TASK OBJECTIVE -> Please retype the listing exactly as it appears, skipping each picture.

SOURCE DATA ->
┌──
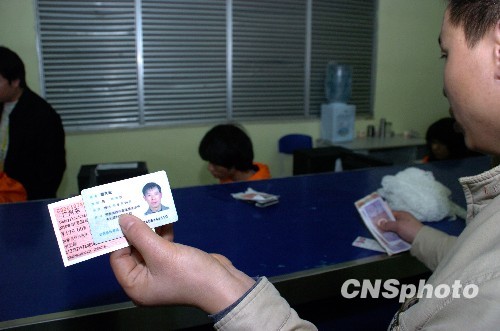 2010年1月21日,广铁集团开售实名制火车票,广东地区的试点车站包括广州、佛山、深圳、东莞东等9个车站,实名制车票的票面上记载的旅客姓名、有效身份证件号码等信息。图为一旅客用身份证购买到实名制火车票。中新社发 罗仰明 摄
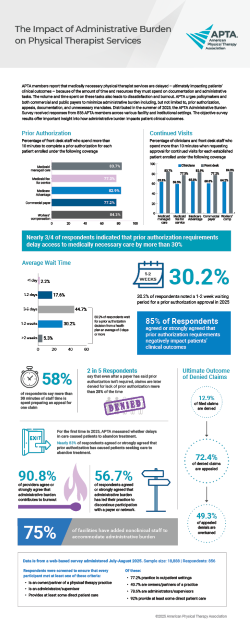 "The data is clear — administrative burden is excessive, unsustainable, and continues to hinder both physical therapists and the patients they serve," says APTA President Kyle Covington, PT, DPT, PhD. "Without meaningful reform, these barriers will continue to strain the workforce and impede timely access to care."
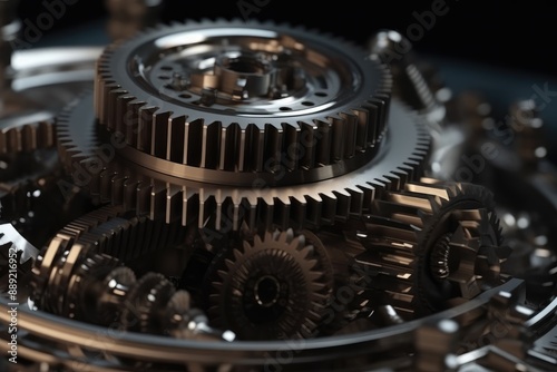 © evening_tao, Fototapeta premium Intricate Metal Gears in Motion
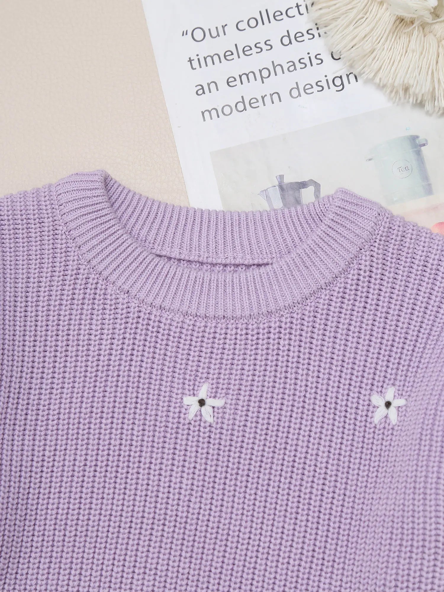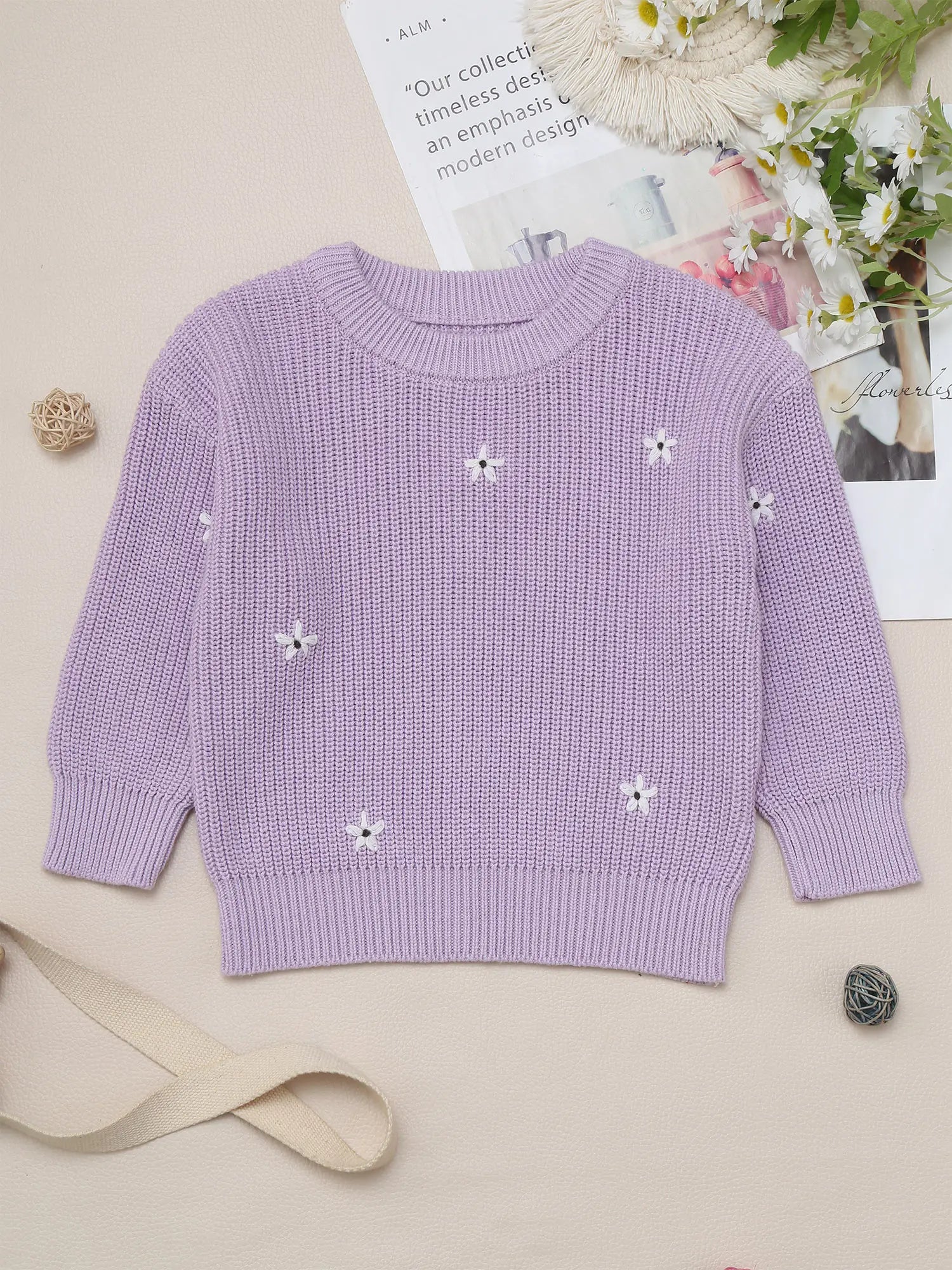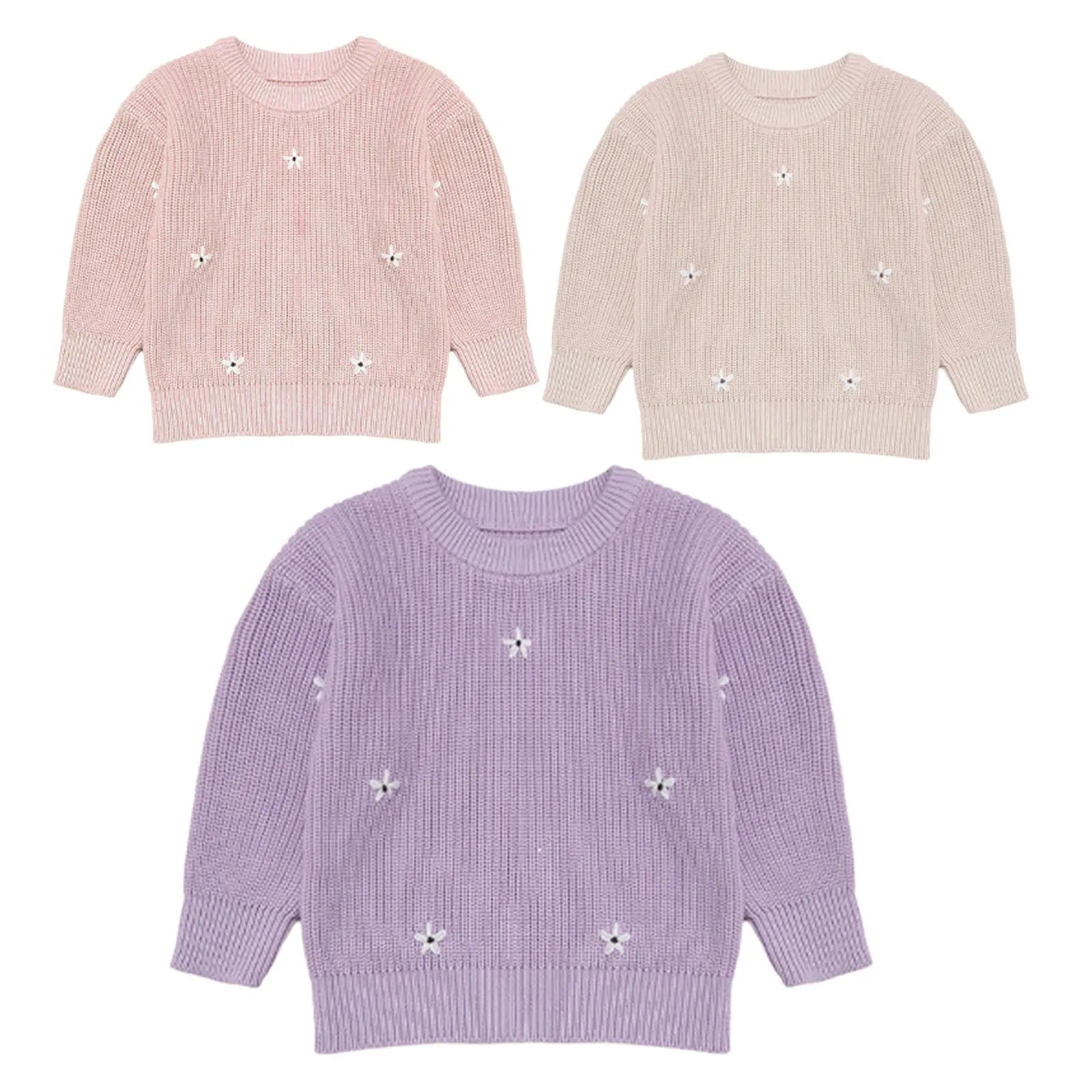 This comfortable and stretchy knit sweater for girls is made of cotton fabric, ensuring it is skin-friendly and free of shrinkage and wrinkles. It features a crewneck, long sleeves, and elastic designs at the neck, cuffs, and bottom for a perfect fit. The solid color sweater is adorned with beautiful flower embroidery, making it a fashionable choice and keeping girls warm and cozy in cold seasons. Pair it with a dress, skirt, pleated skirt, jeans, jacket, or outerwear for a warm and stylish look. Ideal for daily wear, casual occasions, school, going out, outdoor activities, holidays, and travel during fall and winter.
└──
ANSWER BOX ->
 2010年1月21日,广铁集团开售实名制火车票,广东地区的试点车站包括广州、佛山、深圳、东莞东等9个车站,实名制车票的票面上记载的旅客姓名、有效身份证件号码等信息。图为一旅客用身份证购买到实名制火车票。中新社发 罗仰明 摄
 "The data is clear — administrative burden is excessive, unsustainable, and continues to hinder both physical therapists and the patients they serve," says APTA President Kyle Covington, PT, DPT, PhD. "Without meaningful reform, these barriers will continue to strain the workforce and impede timely access to care."
 © evening_tao, Fototapeta premium Intricate Metal Gears in Motion
 This comfortable and stretchy knit sweater for girls is made of cotton fabric, ensuring it is skin-friendly and free of shrinkage and wrinkles. It features a crewneck, long sleeves, and elastic designs at the neck, cuffs, and bottom for a perfect fit. The solid color sweater is adorned with beautiful flower embroidery, making it a fashionable choice and keeping girls warm and cozy in cold seasons. Pair it with a dress, skirt, pleated skirt, jeans, jacket, or outerwear for a warm and stylish look. Ideal for daily wear, casual occasions, school, going out, outdoor activities, holidays, and travel during fall and winter.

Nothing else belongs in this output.